Literature DB >> 31599331

MSDB: a comprehensive, annotated database of microsatellites.

Akshay Kumar Avvaru^1,2, Deepak Sharma¹, Archana Verma¹, Rakesh K Mishra¹, Divya Tej Sowpati¹.

Abstract

Microsatellites are short tandem repeats of 1-6 nucleotide motifs, studied for their utility as genome markers and in forensics.

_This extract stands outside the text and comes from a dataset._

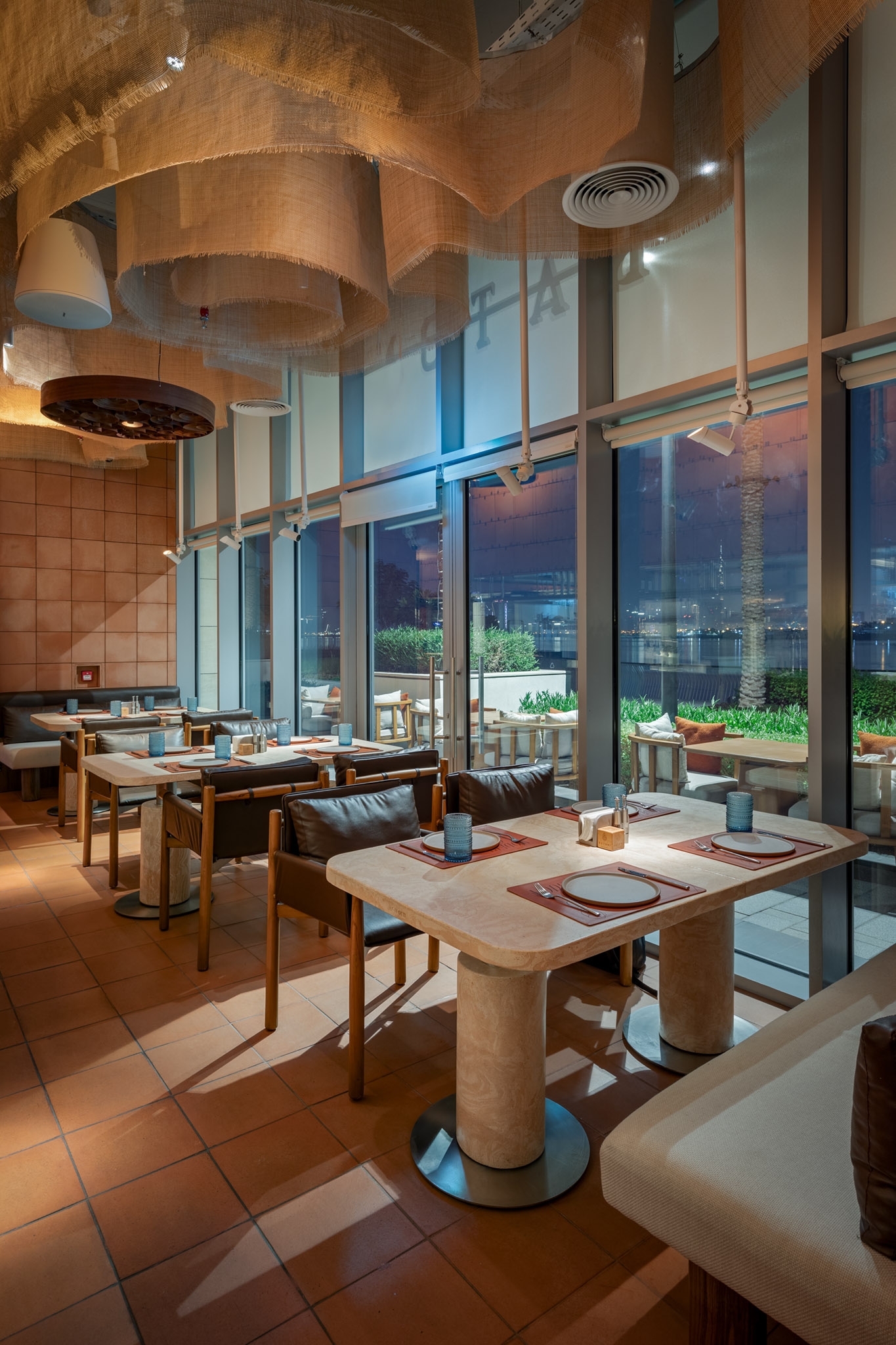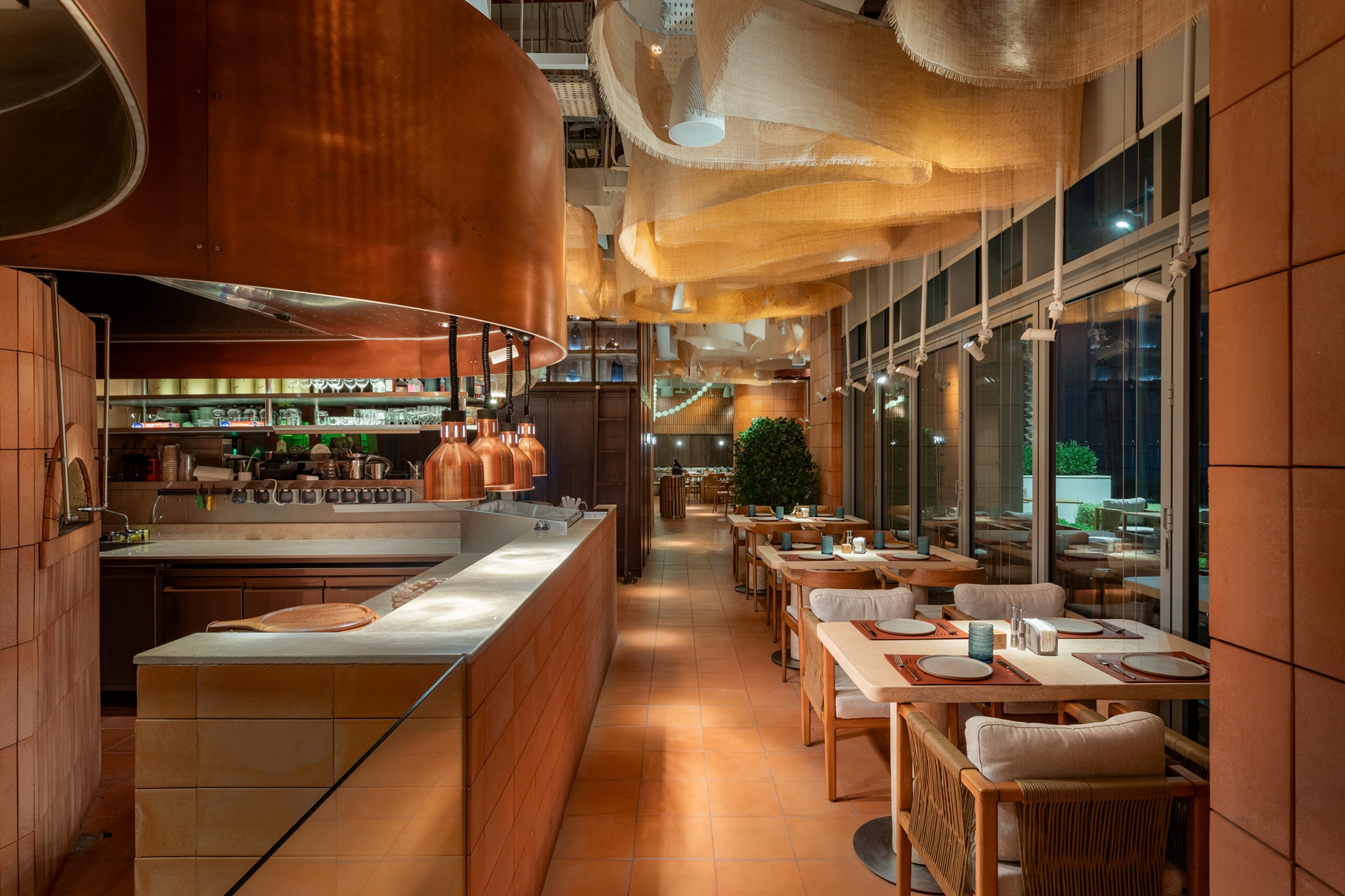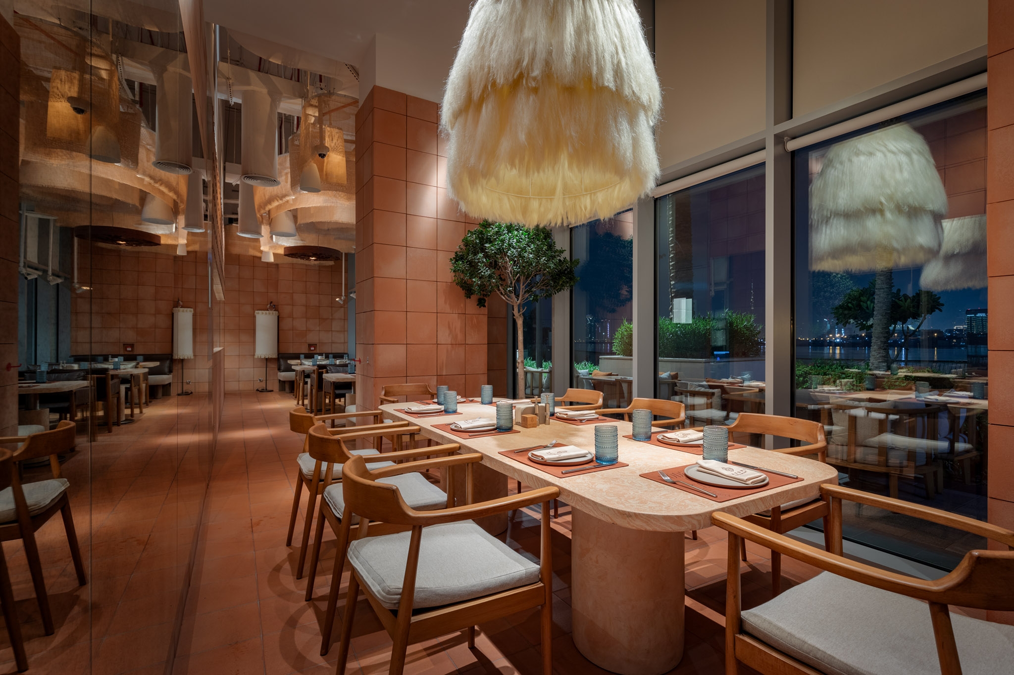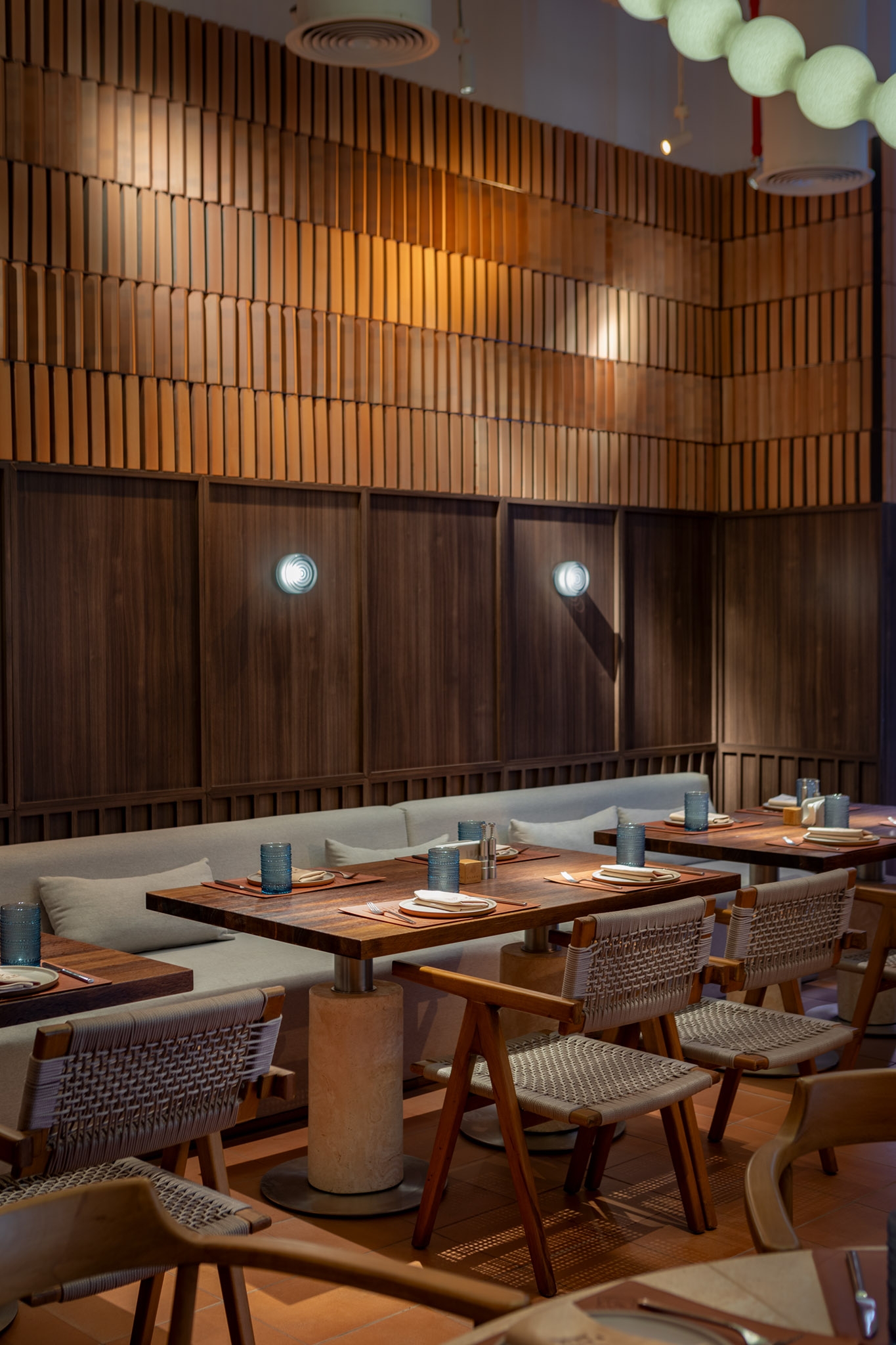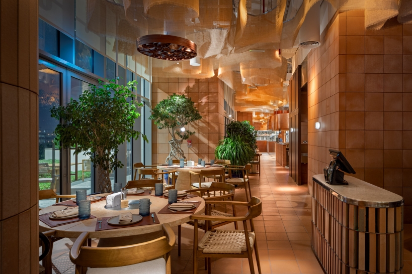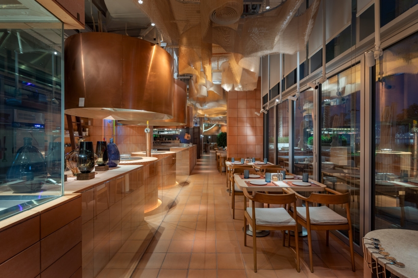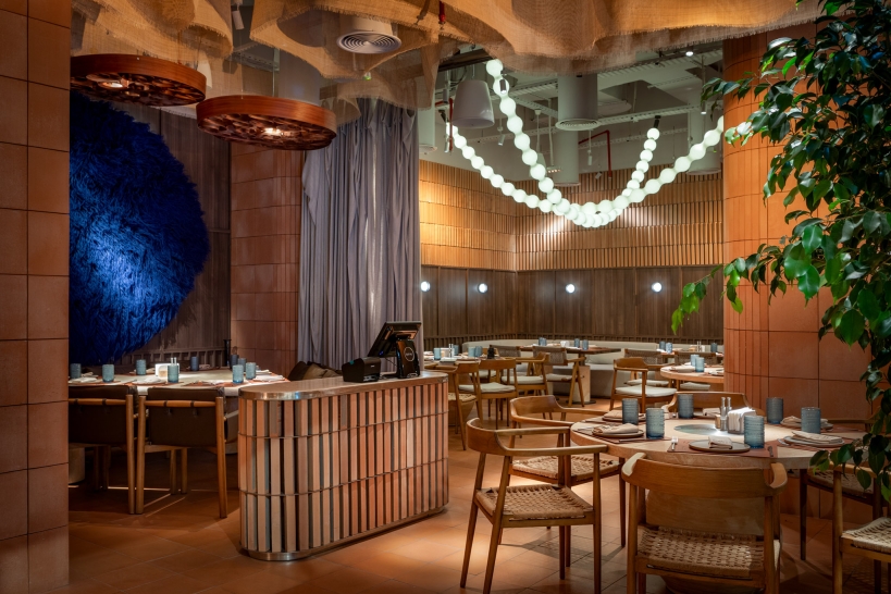 The restaurant perfectly blends tradition and modernity, which is reflected in all aspects of its interior: from lighting and design to the cuisine. Particular attention was given to high-quality lighting that highlights the authentic textural elements of the space and creates a biodynamic atmosphere. This ensures comfort and warmth at any time of day, from morning to evening.

Recent evidence points to the role of microsatellites in important regulatory functions, and their length polymorphisms at coding regions are linked to various neurodegenerative disorders in humans. Microsatellites show a taxon-specific enrichment in eukaryotic genomes, and their evolution remains poorly understood. Though other databases of microsatellites exist, they fall short on several fronts. MSDB (MicroSatellite DataBase) is a collection of >4 billion microsatellites from 37 680 genomes presented in a user-friendly web portal for easy, interactive analysis and visualization. This is by far the most comprehensive, annotated, updated database to access and analyze microsatellite data of multiple species. The features of MSDB enable users to explore the data as tables that can be filtered and exported, and also as interactive charts to view and compare the data of multiple species simultaneously. Its modularity and architecture permit seamless updates with new data, making it a powerful tool and useful resource to researchers working on this important class of DNA elements, particularly in context of their evolution and emerging roles in genome organization and gene regulation.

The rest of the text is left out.